Then on Thursday, OpenAI announced that the new GPT-4 Turbo model had just become available for paid ChatGPT users. OpenAI said that the new model improves “capabilities in writing, math, logical reasoning, and coding” and shared a chart that is not particularly useful in judging capabilities (that they later updated). The company also provided an example of an alleged improvement, saying that when writing with ChatGPT, the AI assistant will use “more direct, less verbose, and use more conversational language.”

The vague nature of OpenAI’s GPT-4 Turbo announcements attracted some confusion and criticism online. On X, Willison wrote, “Who will be the first LLM provider to publish genuinely useful release notes?” In some ways, this is a case of “AI vibes” again, as we discussed in our lament about the poor state of LLM benchmarks during the debut of Claude 3. “I’ve not actually spotted any definite differences in quality [related to GPT-4 Turbo],” Willison told us directly in an interview.

The update also expanded GPT-4’s knowledge cutoff to April 2024, although some people are reporting it achieves this through stealth web searches in the background, and others on social media have reported issues with date-related confabulations.

Mistral’s mysterious Mixtral 8x22B release

An illustration of a robot holding a French flag, figuratively reflecting the rise of AI in France due to Mistral. It's hard to draw a picture of an LLM, so a robot will have to do.

Enlarge / An illustration of a robot holding a French flag, figuratively reflecting the rise of AI in France due to Mistral. It’s hard to draw a picture of an LLM, so a robot will have to do.

Not to be outdone, on Tuesday night, French AI company Mistral launched its latest openly licensed model, Mixtral 8x22B, by tweeting a torrent link devoid of any documentation or commentary, much like it has done with previous releases.

The new mixture-of-experts (MoE) release weighs in with a larger parameter count than its previously most-capable open model, Mixtral 8x7B, which we covered in December. It’s rumored to potentially be as capable as GPT-4 (In what way, you ask? Vibes). But that has yet to be seen.

“The evals are still rolling in, but the biggest open question right now is how well Mixtral 8x22B shapes up,” Willison told Ars. “If it’s in the same quality class as GPT-4 and Claude 3 Opus, then we will finally have an openly licensed model that’s not significantly behind the best proprietary ones.”

This release has Willison most excited, saying, “If that thing really is GPT-4 class, it’s wild, because you can run that on a (very expensive) laptop. I think you need 128GB of MacBook RAM for it, twice what I have.”

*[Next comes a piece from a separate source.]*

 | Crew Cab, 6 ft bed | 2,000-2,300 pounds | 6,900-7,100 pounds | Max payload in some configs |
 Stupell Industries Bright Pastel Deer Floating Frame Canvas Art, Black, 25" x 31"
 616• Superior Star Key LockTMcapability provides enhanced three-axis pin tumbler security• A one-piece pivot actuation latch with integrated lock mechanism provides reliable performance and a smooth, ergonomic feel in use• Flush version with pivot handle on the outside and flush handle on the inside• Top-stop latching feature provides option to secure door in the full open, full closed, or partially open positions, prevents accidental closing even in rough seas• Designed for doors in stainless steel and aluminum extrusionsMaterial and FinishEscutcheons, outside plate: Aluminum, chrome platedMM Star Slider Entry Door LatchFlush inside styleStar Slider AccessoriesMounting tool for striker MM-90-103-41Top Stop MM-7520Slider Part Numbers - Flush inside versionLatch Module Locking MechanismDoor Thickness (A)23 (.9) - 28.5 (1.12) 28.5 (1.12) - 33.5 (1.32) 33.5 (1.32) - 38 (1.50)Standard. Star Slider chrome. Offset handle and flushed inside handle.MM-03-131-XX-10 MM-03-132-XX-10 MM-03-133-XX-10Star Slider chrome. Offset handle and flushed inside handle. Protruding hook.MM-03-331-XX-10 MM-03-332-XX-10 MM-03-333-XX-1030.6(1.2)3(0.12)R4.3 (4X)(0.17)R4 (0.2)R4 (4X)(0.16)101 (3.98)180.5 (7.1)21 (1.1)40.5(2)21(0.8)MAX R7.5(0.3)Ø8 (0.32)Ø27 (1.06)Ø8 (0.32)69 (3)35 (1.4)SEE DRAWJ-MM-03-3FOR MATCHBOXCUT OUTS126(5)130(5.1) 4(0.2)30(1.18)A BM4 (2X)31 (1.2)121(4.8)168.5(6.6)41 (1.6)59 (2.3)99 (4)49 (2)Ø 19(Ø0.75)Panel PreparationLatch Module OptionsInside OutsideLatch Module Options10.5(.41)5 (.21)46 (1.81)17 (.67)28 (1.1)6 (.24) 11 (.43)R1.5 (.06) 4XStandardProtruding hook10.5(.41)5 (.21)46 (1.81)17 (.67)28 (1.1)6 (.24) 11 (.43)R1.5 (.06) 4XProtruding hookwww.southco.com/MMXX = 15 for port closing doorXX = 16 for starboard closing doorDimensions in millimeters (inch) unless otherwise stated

The new Mixtral is not listed on Chatbot Arena yet, Willison noted, because Mistral has not released a fine-tuned model for chatting yet. It’s still a raw, predict-the-next token LLM. “There’s at least one community instruction tuned version floating around now though,” says Willison.

Chatbot Arena Leaderboard shake-ups

A Chatbot Arena Leaderboard screenshot taken on April 12, 2024.

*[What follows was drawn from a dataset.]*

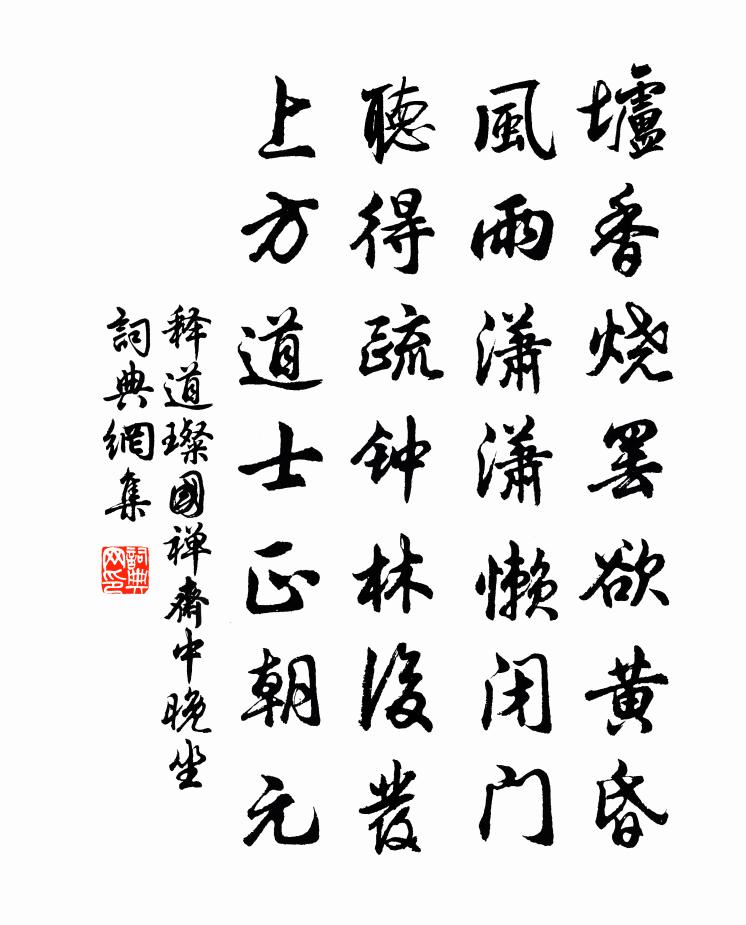 詩詞名句歷史字典書法欣賞書法字典國語詞典說文解字康熙字典古漢語字典標 題 作 者 詩 句 國禪齋中晚坐作者:釋道璨 朝代:宋代國禪齋中晚坐原文壚香燒罷欲黃昏,風雨瀟瀟懶閉門。聽得疏鍾林後發,上方道士正朝元。詩詞問答問:國禪齋中晚坐的作者是誰?答:釋道璨問:國禪齋中晚坐寫於哪個朝代?答:宋代釋道璨國禪齋中晚坐書法欣賞國禪齋中晚坐書法作品詩詞推薦和仁仲春日十絕胡寅〔宋代〕陋巷當年只屢空,於今還詠舞雩風。已推寶瑟鏗然後,莫認青春醉眼中。夜分讀書有感陸游〔宋代〕光陰百歲已中分,擬結茅茨老白雲。萬里誰憐新臥疾,九重猶記舊能文。枕邊得句題屏疊,馬上看山隔帽裙。終恨謝新恩·冉冉秋光留不住李煜〔唐代〕冉冉秋光留不住,滿階紅葉暮。又是過重陽,台榭登臨處。茱萸香墮,紫菊氣,飄庭戶,晚煙籠細雨。雍雍新雁咽送潤卿博士還華陽皮日休〔唐代〕雪打篷舟離酒旗,華陽居士半酣歸。逍遙只恐逢雪將,恬淡真應降月妃。仙市鹿胎如錦嫩,陰宮燕肉似酥肥。公車水龍吟呂岩〔唐代〕目前咫尺長生路,多少愚人不悟。愛河浪闊,洪波風緊,舟船難渡。略聽仙師語,到彼岸,只消一句。鍊金丹換了虞美人(席上贈王提刑)陳師道〔宋代〕城南觀閣連雲起。形像丹青里。使君笳鼓渡江來。盡帶江南春色、放春回。青春欲住風催去。流水花無數。尊前觸讀書陸游〔宋代〕束 * 交一世豪,暮年憔悴困蓬蒿。文辭博士書驢券,職事參軍判馬曹。病里猶須看周易,醉中亦復讀離騷。若為白雲樓張俞〔宋代〕城上新開百尺樓,白雲人伴白雲留。山川半倚三吳勝,江漢常吞七澤流。洛中士君子多以平泉見呼愧獲方外方之名…奉寄劉賓客李德裕〔唐代〕非高柳下逸,自愛竹林閒。才異居東里,愚因在北山。徑荒寒未掃,門設晝長關。不及鴟夷子,悠悠煙水間。過陂子逕五十餘里,喬木蔽天,遣悶七絕句楊萬里〔宋代〕為憐上轎齧人肩,下轎行來腳底穿。客子心心愁欲暮,碧雲偏作半陰天。答黃藪富道王令〔宋代〕角角適時足,力走猶或遲。從而不逮人,不若坐視之。而予始用此,已無先人思。間自念斯世,固亦未易為。以其資政入村造壽器謾賦陳宗遠〔宋代〕功成身退從來少,綠野超然洗俗埃。閒出西疇營六檟,勝傳南極映三槐。迎門村婦攜兒拜,遮道田翁帶犬回。競喜卜運算元姜夔〔宋代〕月上海雲沈,鷗去吳波回。行過西泠有一枝,竹暗人家靜。又見水沈亭,舉目悲風景。花下鋪氈把一杯,緩飲春風洲上吳錫疇〔宋代〕藜杖步芳洲,風花點碧流。詩情鳧泛泛,心事水悠悠。有約山長翠,無名草自幽。聲聲啼布穀,夜雨足西疇。奉和聖制立春日侍宴內殿出翦彩花應制上官昭容〔唐代〕密葉因裁吐,新花逐翦舒。攀條雖不謬,摘蕊詎知虛。春至由來發,秋還未肯疏。借問桃將李,相亂欲何如。金人捧露盤(送范東叔給事帥維揚)高似孫〔宋代〕下明光,違宣曲,上揚州。玉帳暖、十萬貔貅。梅花照雪,月隨歌吹到江頭。牙檣錦纜,聽雁聲、夜宿瓜州。南山送馮八將軍奏事畢歸滑台幕府崔峒〔唐代〕王門別後到滄洲,帝里相逢俱白頭。自嘆馬卿常帶疾,還嗟李廣不封侯。棠梨宮裡瞻龍袞,細柳營中著虎裘。想到壽潁季蘇泂〔宋代〕有屋鬚生子,為家要及時。雲山千態度,弓冶幾書詩。壽日能佳事,秋風況捷期。長年一杯酒,吾與菊花知。頌古一○一首釋子淳〔宋代〕妙圓無相劫前人,隨類權分百億身。月夜御樓才報曉,平明六國盡逢春。浣溪沙王哲〔元代〕一個詞兒十二金。修行謹按日時尋。急將猿馬緊牢擒。五戶自然開闡盡,玉花叢里洞門深。舊來那個是知音。名句推薦前村深雪裡,昨夜一枝開。齊己《早梅》 行盡江南,不與離人遇。晏幾道《蝶戀花·夢入江南煙水路》 歲雲暮矣多北風,瀟湘洞庭白雪中。杜甫《歲晏行》 蜂爭粉蕊蝶分香,不似垂楊惜金縷。溫庭筠《惜春詞》 秋至搗羅紈,淚滿未能開。江淹《悼室人》 何處寄想思,南風搖五兩。王維《送宇文太守赴宣城》 愁無限,消瘦盡,有誰知?閒教玉籠鸚鵡念郎詩。納蘭性德《相見歡·落花如夢淒迷》 微雨靄芳原,春鳩鳴何處。韋應物《東郊》 雲收雨過波添,樓高水冷瓜甜,綠樹陰垂畫檐。白樸《天淨沙·夏》 暮雨忽來鴻雁杳,莽關山、一派秋聲里。龔自珍《金縷曲·癸酉秋出都述懷有賦》

Enlarge / A Chatbot Arena Leaderboard screenshot taken on April 12, 2024.

Benj Edwards

This week’s LLM news isn’t limited to just the big names in the field. There have also been rumblings on social media about the rising performance of open source models like Cohere’s Command R+, which reached position 6 on the LMSYS Chatbot Arena Leaderboard—the highest-ever ranking for an open-weights model.

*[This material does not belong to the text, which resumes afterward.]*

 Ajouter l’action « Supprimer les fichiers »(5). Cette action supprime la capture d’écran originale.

And for even more Chatbot Arena action, apparently the new version of GPT-4 Turbo is proving competitive with Claude 3 Opus. The two are still in a statistical tie, but GPT-4 Turbo recently pulled ahead numerically. (In March, we reported when Claude 3 first numerically pulled ahead of GPT-4 Turbo, which was then the first time another AI model had surpassed a GPT-4 family model member on the leaderboard.)

Regarding this fierce competition among LLMs—of which most of the muggle world is unaware and will likely never be—Willison told Ars, “The past two months have been a whirlwind—we finally have not just one but several models that are competitive with GPT-4.” We’ll see if OpenAI’s rumored release of GPT-5 later this year will restore the company’s technological lead, we note, which once seemed insurmountable. But for now, Willison says, “OpenAI are no longer the undisputed leaders in LLMs.”

Words are flowing out like endless rain: Recapping a busy week of LLM news Read More »

openai-drops-login-requirements-for-chatgpt’s-free-version

OpenAI drops login requirements for ChatGPT’s free version

free as in beer? —

ChatGPT 3.5 still falls far short of GPT-4, and other models surpassed it long ago.

A glowing OpenAI logo on a blue background.

Benj Edwards

On Monday, OpenAI announced that visitors to the ChatGPT website in some regions can now use the AI assistant without signing in. Previously, the company required that users create an account to use it, even with the free version of ChatGPT that is currently powered by the GPT-3.5 AI language model. But as we have noted in the past, GPT-3.5 is widely known to provide more inaccurate information compared to GPT-4 Turbo, available in paid versions of ChatGPT.

Since its launch in November 2022, ChatGPT has transformed over time from a tech demo to a comprehensive AI assistant, and it’s always had a free version available. The cost is free because “you’re the product,” as the old saying goes. Using ChatGPT helps OpenAI gather data that will help the company train future AI models, although free users and ChatGPT Plus subscription members can both opt out of allowing the data they input into ChatGPT to be used for AI training. (OpenAI says it never trains on inputs from ChatGPT Team and Enterprise members at all).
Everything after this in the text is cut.